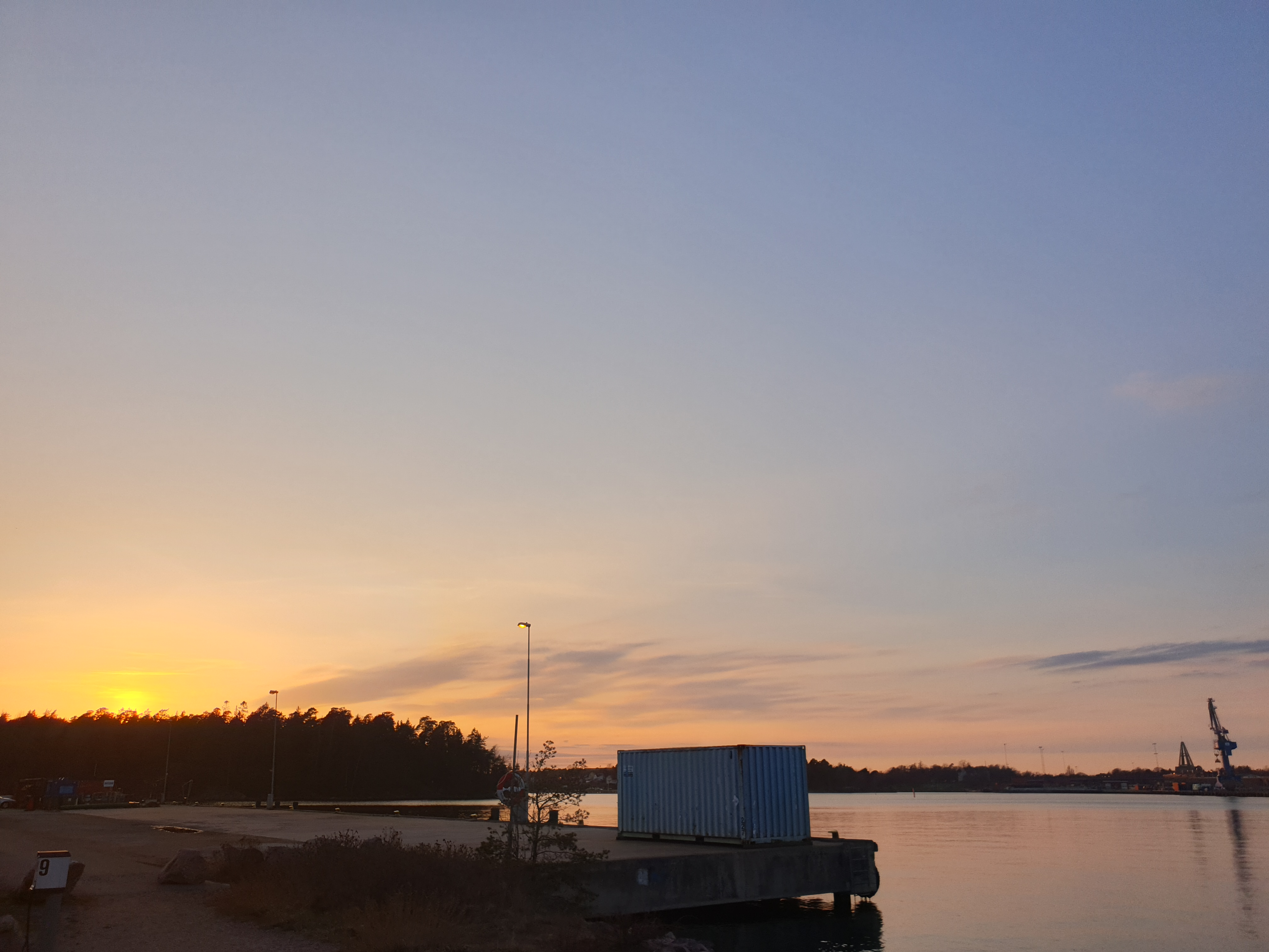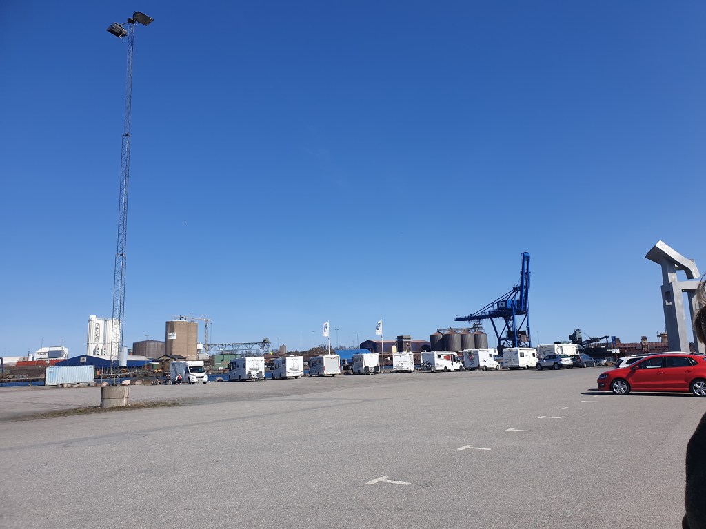 Femöre är en fiskehamn men av den sortens aktivitet såg vi inte mycket. Rakt framför vår bil däremot ligger den egentliga hamnen av mer industriell karaktär och där var det verksamhet rätt sent igår och de startade upp klockan sex imorse men det är helt OK ljudnivå enligt mig.
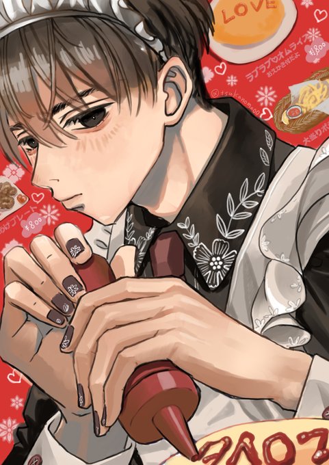 新人メイド君にケチャップ文字を書いてもらおう! #創作男子 #イラスト
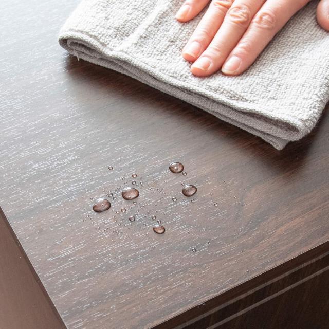 木板は塩化ビニル貼りのパーティクルボードで、撥水性・耐久性に優れています。水に濡れてもひと拭きでキレイになるので、キッチンに設置するのにもおススメです。
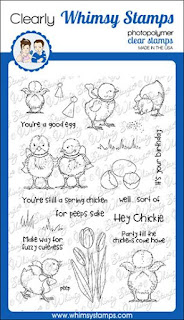 For today's card I'm using the Whimsy March release Spring Chickens which are just too too cute. The Criss Cross Gingham Background goes perfectly with them, don't you think? I stamped that with Distress Oxide Mustard Seed onto the card base.
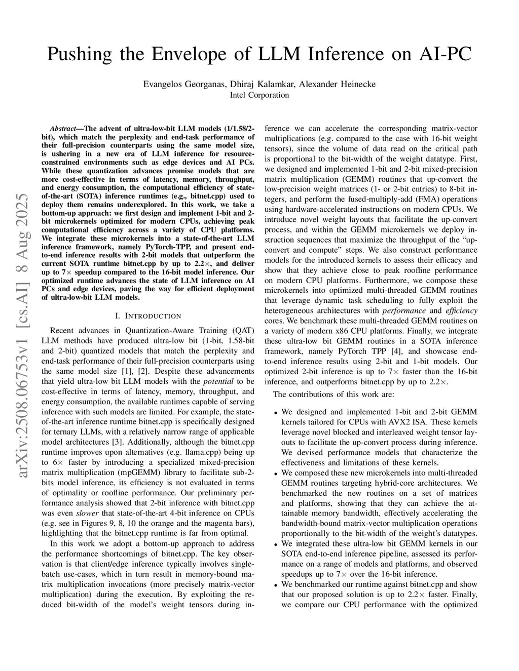 The advent of ultra-low-bit LLM models (1/1.58/2-bit), which match the perplexity and end-task performance of their full-precision counterparts using the same model size, is ushering in a new era of LLM inference for resource-constrained environments such as edge devices and AI PCs. While these quantization advances promise models that are more cost-effective in terms of latency, memory, throughput, and energy consumption, the computational efficiency of state-of-the-art (SOTA) inference runtimes (e.g.,this http URL) used to deploy them remains underexplored. In this work, we take a bottom-up approach: we first design and implement 1-bit and 2-bit microkernels optimized for modern CPUs, achieving peak computational efficiency across a variety of CPU platforms. We integrate these microkernels into a state-of-the-art LLM inference framework, namely PyTorch-TPP, and present end-to-end inference results with 2-bit models that outperform the current SOTA runtimethis http URLby up to 2.2x, and deliver up to 7x speedup compared to the 16-bit model inference. We then extend this work to Intel GPUs where we design and implement mixed precision, 2-bit GEMM kernels, and show their performance to be close to optimal. We integrated our optimized Xe2 kernels in the vLLM framework as a quantization plugin and evaluated end-to-end LLM inference results for a range of LLM models and Xe2 GPUs. Depending on the model and platform, we see a 4x - 8x reduction in GEMM time compared to the BF16 case, and we get up to 6.3x speedup in end-to-end latency compared to the BF16 execution. Our optimized runtime advances the state of LLM inference on AI PCs and Intel Xe GPUs, paving the way for efficient deployment of ultra-low-bit LLM models.
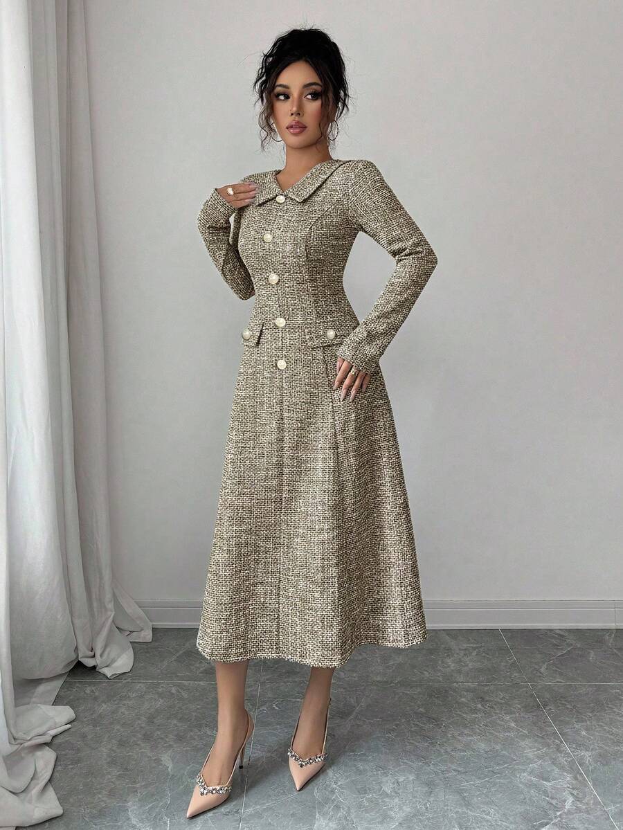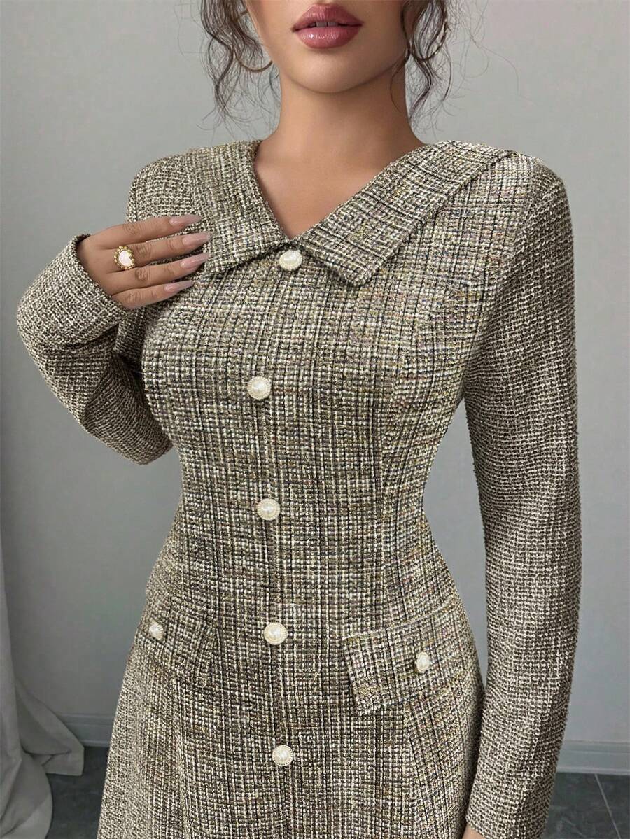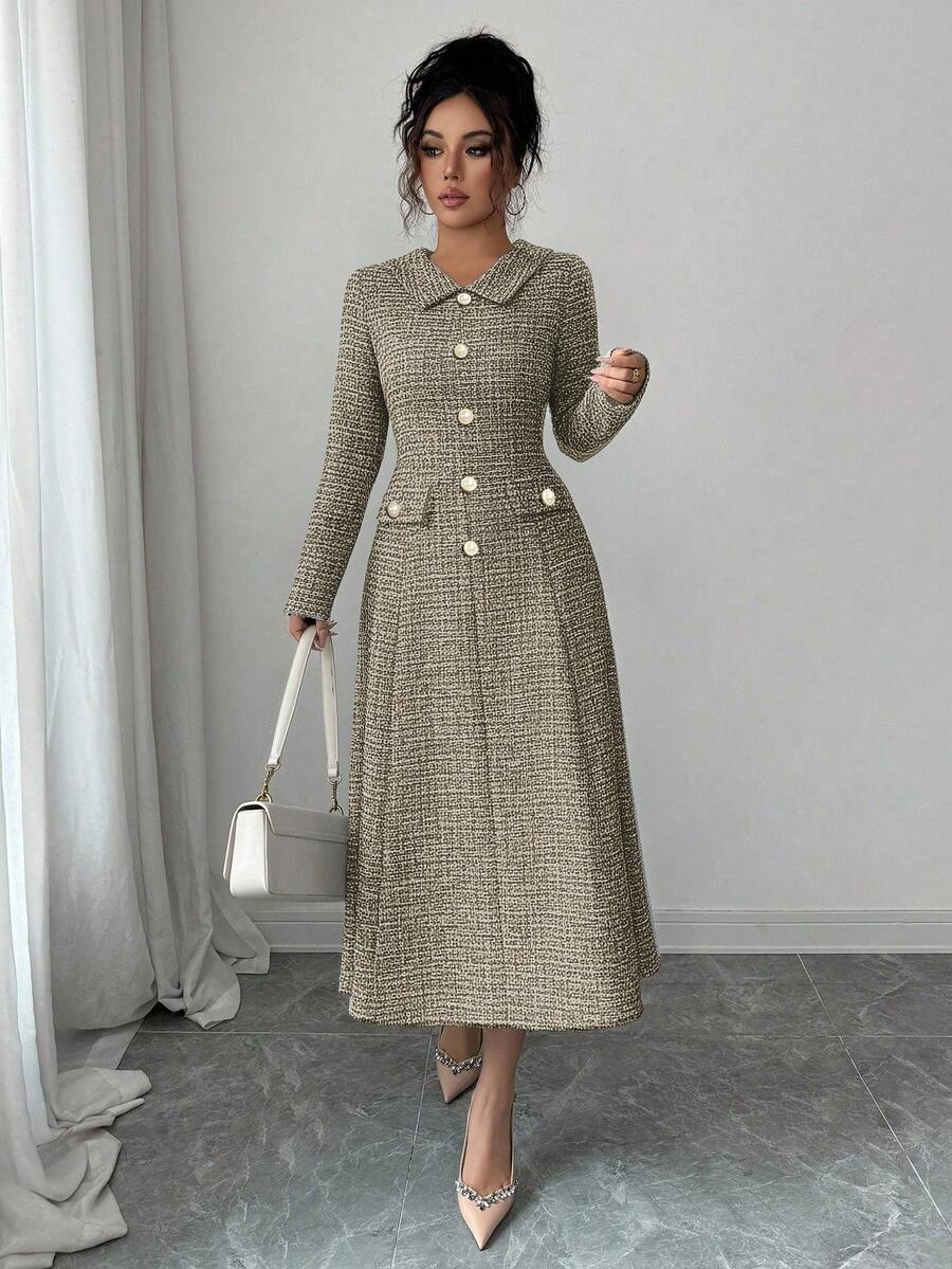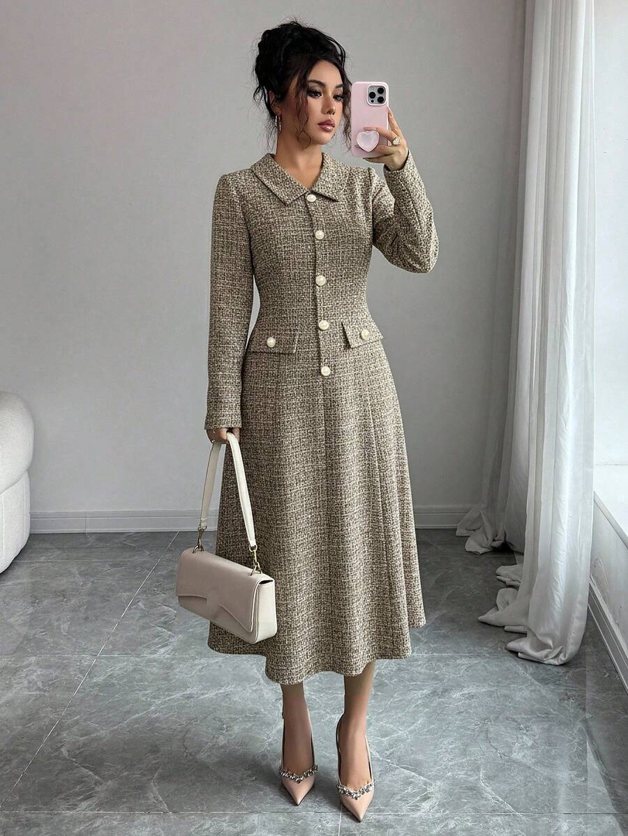 SHEIN Elenzga فستان بخصر مشدود بأزرار لؤلؤية وأكمام طويلة

### [Problem]
The job here is to retype the data exactly, with no pictures included.

### [Your response]
 Femöre är en fiskehamn men av den sortens aktivitet såg vi inte mycket. Rakt framför vår bil däremot ligger den egentliga hamnen av mer industriell karaktär och där var det verksamhet rätt sent igår och de startade upp klockan sex imorse men det är helt OK ljudnivå enligt mig.
 新人メイド君にケチャップ文字を書いてもらおう! #創作男子 #イラスト
 木板は塩化ビニル貼りのパーティクルボードで、撥水性・耐久性に優れています。水に濡れてもひと拭きでキレイになるので、キッチンに設置するのにもおススメです。
 For today's card I'm using the Whimsy March release Spring Chickens which are just too too cute. The Criss Cross Gingham Background goes perfectly with them, don't you think? I stamped that with Distress Oxide Mustard Seed onto the card base.
 The advent of ultra-low-bit LLM models (1/1.58/2-bit), which match the perplexity and end-task performance of their full-precision counterparts using the same model size, is ushering in a new era of LLM inference for resource-constrained environments such as edge devices and AI PCs. While these quantization advances promise models that are more cost-effective in terms of latency, memory, throughput, and energy consumption, the computational efficiency of state-of-the-art (SOTA) inference runtimes (e.g.,this http URL) used to deploy them remains underexplored. In this work, we take a bottom-up approach: we first design and implement 1-bit and 2-bit microkernels optimized for modern CPUs, achieving peak computational efficiency across a variety of CPU platforms. We integrate these microkernels into a state-of-the-art LLM inference framework, namely PyTorch-TPP, and present end-to-end inference results with 2-bit models that outperform the current SOTA runtimethis http URLby up to 2.2x, and deliver up to 7x speedup compared to the 16-bit model inference. We then extend this work to Intel GPUs where we design and implement mixed precision, 2-bit GEMM kernels, and show their performance to be close to optimal. We integrated our optimized Xe2 kernels in the vLLM framework as a quantization plugin and evaluated end-to-end LLM inference results for a range of LLM models and Xe2 GPUs. Depending on the model and platform, we see a 4x - 8x reduction in GEMM time compared to the BF16 case, and we get up to 6.3x speedup in end-to-end latency compared to the BF16 execution. Our optimized runtime advances the state of LLM inference on AI PCs and Intel Xe GPUs, paving the way for efficient deployment of ultra-low-bit LLM models.
 SHEIN Elenzga فستان بخصر مشدود بأزرار لؤلؤية وأكمام طويلة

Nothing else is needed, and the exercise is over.